Scientific classification
- Kingdom: Animalia
- Phylum: Nemertea
- Class: Hoplonemertea
- Order: Monostilifera
- Family: Prosorhochmidae
- Genus: Geonemertes
- Species: G. pelaensis
- Binomial name: Geonemertes pelaensis Semper, 1863
- Synonyms: Geonemertes arboricola Punnett, 1907; Geonemertes vinsoni Moore in Pantin, 1969;

= Geonemertes pelaensis =

- Genus: Geonemertes
- Species: pelaensis
- Authority: Semper, 1863
- Synonyms: Geonemertes arboricola Punnett, 1907, Geonemertes vinsoni Moore in Pantin, 1969

Species of worm

Geonemertes pelaensis is a species of terrestrial Nemertea.
Superficially, Geonemertes pelaensis resembles a land flatworm (family Geoplanidae) and lives in the same habitat, but it has an anterior exertile proboscis, whereas flatworms have a pharynx located in their ventral side at midlength of body. The number of eyes this nemertean can have varies between 4 and 8 ocelli.

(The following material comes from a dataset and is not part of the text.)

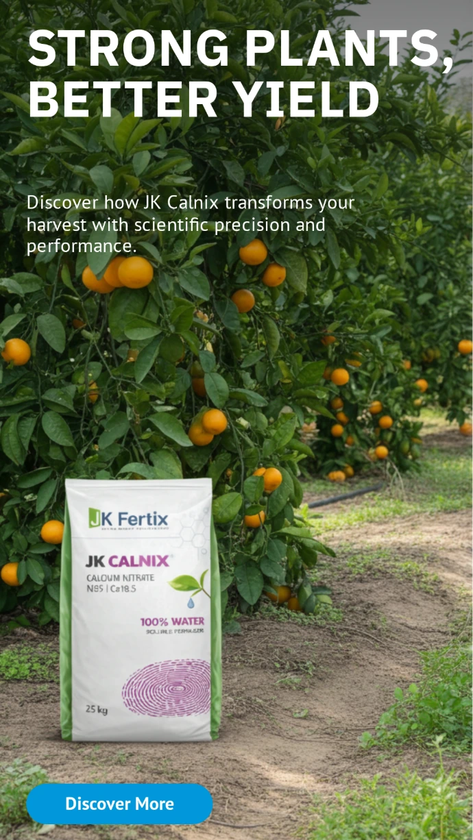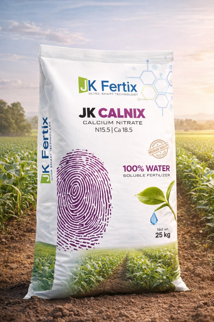 JK CALNIX a high-quality, water-soluble source of Calcium and Nitrogen that strengthens plant cell walls, improves fruit setting, and enhances post-harvest durability. Ideal for continuous use throughout the crop growth cycle via fertigation or hydroponics. It quickly corrects calcium deficiency, improves crop quality, and increases shelf life of fruits and vegetables

It is commonly found on islands in the Indo-Pacific, and has been anthropogenically introduced to Caribbean islands and Florida. Geonemertes pelaensis is a known predator of gastropoda in the wild, and isopoda, and amphipoda in laboratory settings.

== Molecular characterization==
The complete mitochondrial genome of Geonemertes pelaensis was sequenced from specimens collected in Martinique and New Caledonia. The mitogenome was unusually large, nearly 32 kb, and contained 13 protein-coding genes, two rRNA genes, and 21 tRNA genes. The two genomes were almost identical, differing by only a few mutations, indicating low genetic diversity. This conservation suggests a recent introduction from closely related source populations. The exceptional genome length was mainly due to long intergenic regions and expanded tRNA clusters. Several nuclear mitochondrial pseudogenes (NUMTs) were detected, which may complicate genetic analyses. Gut content sequencing also revealed prey DNA, (a cockroach for the specimen from Martinique, and a moth for the specimen from New Caledonia) demonstrating the ecological value of molecular approaches.